Testing Asteroseismic Scalings for Red Giants with Eclipsing Binaries Observed by Kepler
Jean McKeever (New Mexico State University), Patrick Gaulme, Jason Jackiewicz, Meredith Rawls

Given the potential of ensemble asteroseismology for understanding fundamental properties of large numbers of stars, it is critical to determine the accuracy of the scaling relations on which these measurements are based (e.g. Stello et al. 2009, White et al. 2011, Miglio et al. 2013, Huber et al. 2011, Huber et al. 2012, Silva-Aguirre et al. 2012). From several powerful validation techniques, all indications so far show that stellar radius estimates from the asteroseismic scaling relations are accurate within a few percent. Eclipsing binary systems hosting at least one star with detectable solar-like oscillations constitute the most ideal test objects for validating asteroseismic radius and mass inferences. By combining radial-velocity measurements and photometric time series of eclipses, it is possible to determine the masses and radii of each component of a double-lined spectroscopic binary. So far, all published stars known to both display solar-like oscillations and belong to an eclipsing binary are red giants, all having been detected by the Kepler mission (Hekker et al. 2010, Frandsen et al. 2013, Gaulme et al. 2013, 2014, 2016 (submitted), Beck et al. 2014, 2015, Brogaard et al. 2016).

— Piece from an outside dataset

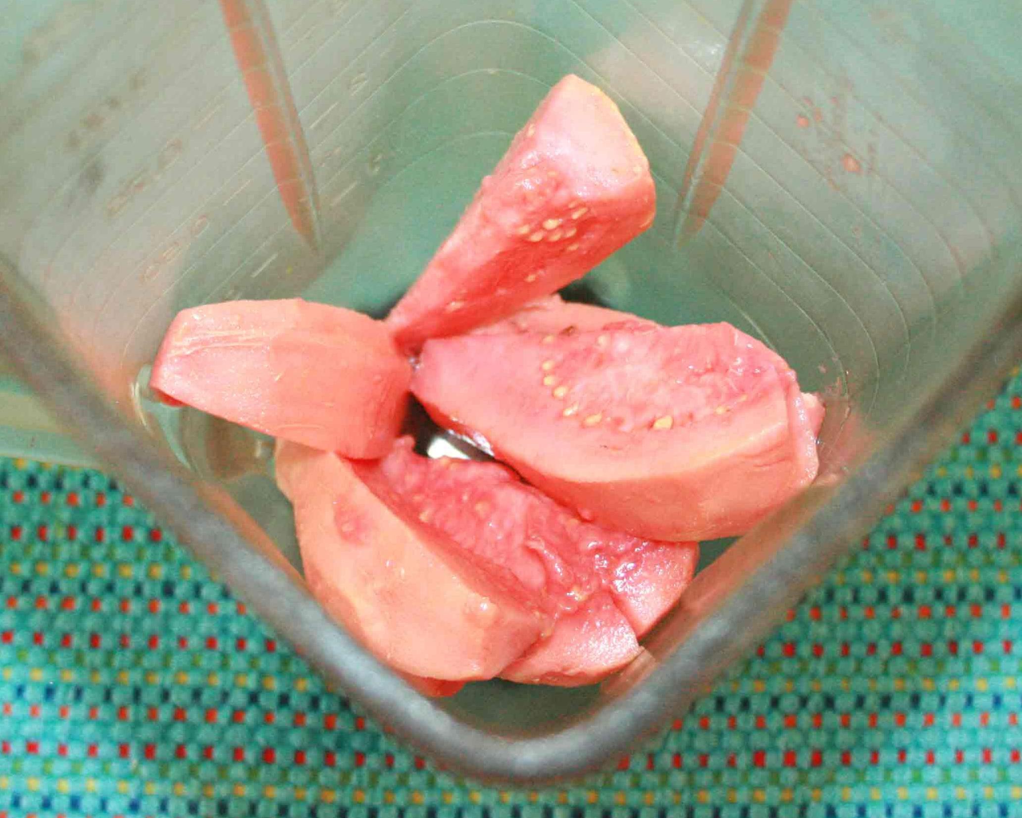 Descasque as goiabas e corte em pedaços. Bata no liquidificador com a água até obter um suco e passe por uma peneira, para filtrar as sementes.

Here we report the results of a four-year radial-velocity survey performed with the echelle spectrometer of the Astrophysical Research Consortium's 3.5-m telescope at Apache Point Observatory. We compare the masses and radii of 10 red giants, obtained by combining radial velocities and eclipse photometry with the estimates from asteroseismic scalings. We find that asteroseismic scalings overestimate red-giant radii by about 5% on average and masses by about 15% for stars at various stages of red-giant evolution. While these results are very encouraging in some specific cases, systematic overestimation of mass leads to underestimation of stellar age, which can have important implications for ensemble asteroseismology used for galactic studies.